My statements of purpose mentioned that I was "particularly interested" in AI and Machine Learning, and whenever possible I checked those boxes on the application forms. However, I'm also interested in other specialties (e.g. Theory), and although my statements of purpose do mention that I have varied interests in CS, I never specifically selected Theory as one of my desired specialties.

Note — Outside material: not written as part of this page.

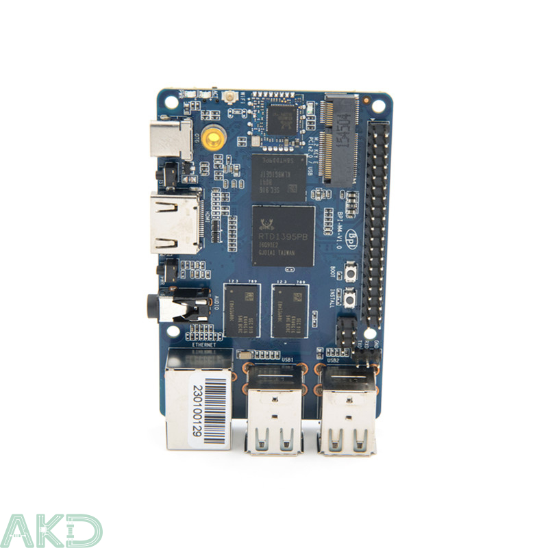 Mạch Banana Pi BPI-M4 là một máy tính mini dạng Single Board Computer 64-bit, sử dụng vi xử lý lõi tứ Cortex-A53 Realtek RTD1395. Bo mạch được trang bị tùy chọn RAM 1GB hoặc 2GB, bộ nhớ eMMC 8GB, đồng thời tích hợp sẵn WiFi chuẩn b/g/n/ac và Bluetooth 4.2. Về khả năng kết nối, BPI-M4 sở hữu 4 cổng USB 2.0, 1 cổng USB Type-C, 1 cổng HDMI, 1 jack âm thanh và hỗ trợ giao diện M.2 Key E PCIe 2.0.

Have I painted myself into a corner here? If I'm accepted to a Ph.D. program in Computer Science and I selected specialty X on my application, can I still conduct research in specialty Y?

  • 1
    It depends on the program. There are some programs that tell you who your advisor is when you're admitted to the program (and then it might be challenging to do research in a different specialty). Other programs give you more freedom in choosing your advisor and research area. Jan 21, 2015 at 22:40
  • @BenBitdiddle Comments section is not a place to post answers. If you are answering this question, please develop your answer and post it as an answer.
    – enthu
    Feb 20, 2015 at 8:29

1 Answer 1


"Can I still conduct research" has some different interpretations which bear on your question. The short answer, at least in my experience, is no, you have not painted yourself into a corner. But let me elaborate:

  • There can be significant overlap between AI/ML research and Theory, so you may end up finding a thesis project which combines aspects of both to your satisfaction.
  • It's not at all uncommon for students to bounce around a little bit after they enter a program, and to have side projects in tangential areas. Even if you do your primary research in machine learning, you could participate and publish in other collaborations. I did this for a couple of different projects just to chase my own interests.
  • As @ben-bitdiddle alluded to in his comment, many programs (even most in my experience) are not so strict in locking down new Ph.D. students to a particular area/advisor. It can obviously present a problem if you're not aligned with one after your first couple of years, but at the beginning I think this can be very beneficial.
  • One important caveat is that if you're being funded by a faculty member on a research assistantship, you'll be expected to be doing research in that person's area and it likely won't be looked on kindly if you're spending a lot of time on other projects. This is something to discuss with the faculty in question, though, before you accept the RA if you have questions.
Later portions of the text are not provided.